Writing (distributed) Dask array fails
See original GitHub issueDescription
Dask array fails to be written to FITS, at least when using dask.distributed
. This doesn’t occur for me if I don’t create a dask.distributed
Client
. That is, the example given in the 'What’s new in 4.1` works for me.
Expected behavior
As per version 4.1, writing dask arrays is supported.
Actual behavior
The following error occurred:
---------------------------------------------------------------------------
TypeError Traceback (most recent call last)
~/miniconda3/lib/python3.7/site-packages/distributed/protocol/pickle.py in dumps(x, buffer_callback, protocol)
48 buffers.clear()
---> 49 result = pickle.dumps(x, **dump_kwargs)
50 if len(result) < 1000:
TypeError: can't pickle _thread.lock objects
During handling of the above exception, another exception occurred:
TypeError Traceback (most recent call last)

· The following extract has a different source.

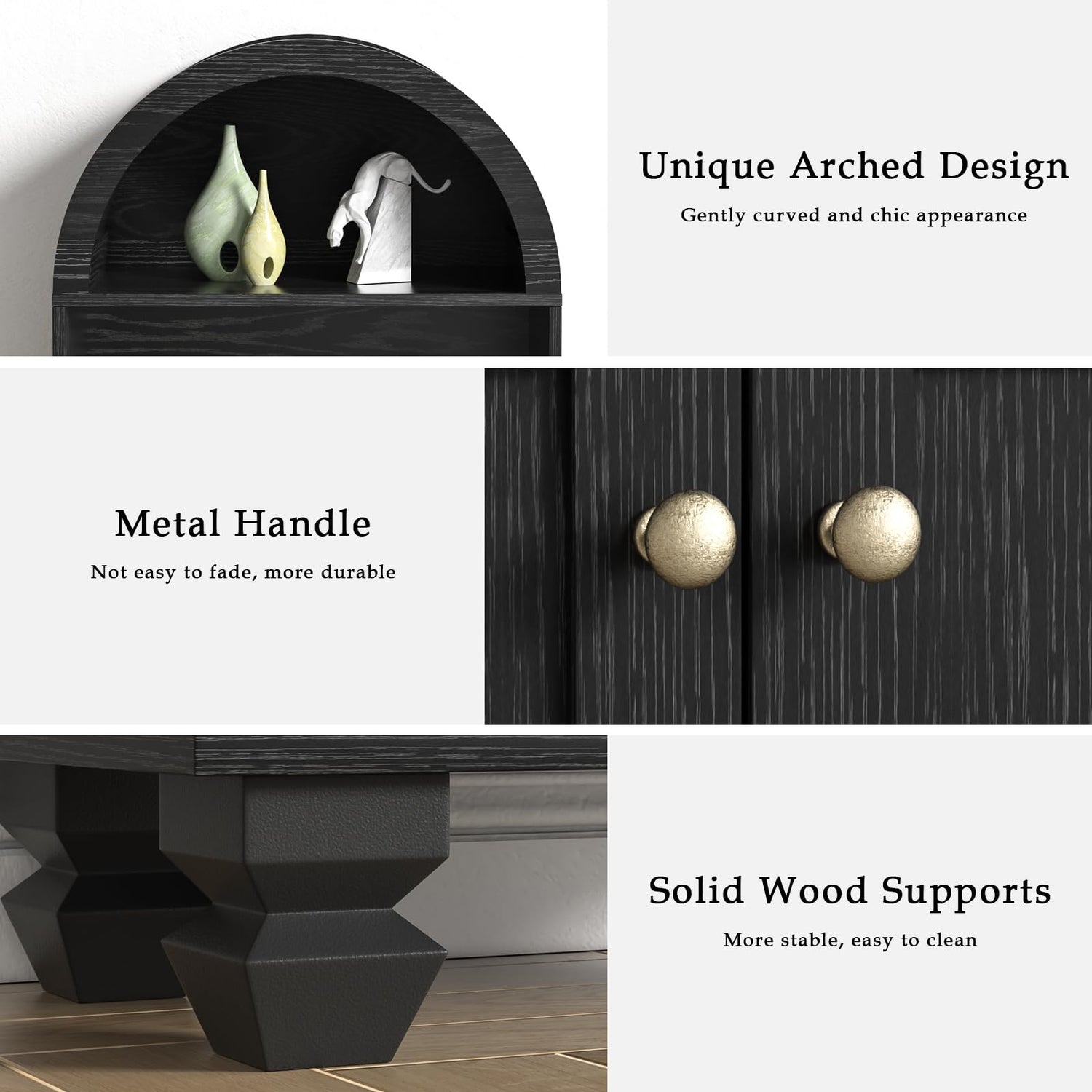 Giluta 71" Tall Arched Bookshelf Two Doors 5-Tier Storage Display Cabinet with Open Display Shelf & Drawer, Black Kitchen Pantry Cabinet for Living Room, Dining Room

<ipython-input-44-23f936e3e991> in <module>
3 from astropy.io import fits
4 hdu = fits.PrimaryHDU(data=array)
----> 5 hdu.writeto('test_dask.fits', overwrite=True)
~/miniconda3/lib/python3.7/site-packages/astropy/utils/decorators.py in wrapper(*args, **kwargs)
533 warnings.warn(message, warning_type, stacklevel=2)
534
--> 535 return function(*args, **kwargs)
536
537 return wrapper
~/miniconda3/lib/python3.7/site-packages/astropy/io/fits/hdu/base.py in writeto(self, name, output_verify, overwrite, checksum)
370 hdulist = HDUList([self])
371 hdulist.writeto(name, output_verify, overwrite=overwrite,
--> 372 checksum=checksum)
373
374 @classmethod
~/miniconda3/lib/python3.7/site-packages/astropy/utils/decorators.py in wrapper(*args, **kwargs)
533 warnings.warn(message, warning_type, stacklevel=2)
534
--> 535 return function(*args, **kwargs)
536
537 return wrapper
~/miniconda3/lib/python3.7/site-packages/astropy/io/fits/hdu/hdulist.py in writeto(self, fileobj, output_verify, overwrite, checksum)
941 for hdu in self:
942 hdu._prewriteto(checksum=checksum)
--> 943 hdu._writeto(hdulist._file)
944 hdu._postwriteto()
945 hdulist.close(output_verify=output_verify, closed=closed)
~/miniconda3/lib/python3.7/site-packages/astropy/io/fits/hdu/base.py in _writeto(self, fileobj, inplace, copy)
675
676 with _free_space_check(self, dirname):
--> 677 self._writeto_internal(fileobj, inplace, copy)
678
679 def _writeto_internal(self, fileobj, inplace, copy):
~/miniconda3/lib/python3.7/site-packages/astropy/io/fits/hdu/base.py in _writeto_internal(self, fileobj, inplace, copy)
681 if not inplace or self._new:
682 header_offset, _ = self._writeheader(fileobj)
--> 683 data_offset, data_size = self._writedata(fileobj)
684
685 # Set the various data location attributes on newly-written HDUs
~/miniconda3/lib/python3.7/site-packages/astropy/io/fits/hdu/base.py in _writedata(self, fileobj)
613 if self._data_loaded or self._data_needs_rescale:
614 if self.data is not None:
--> 615 size += self._writedata_internal(fileobj)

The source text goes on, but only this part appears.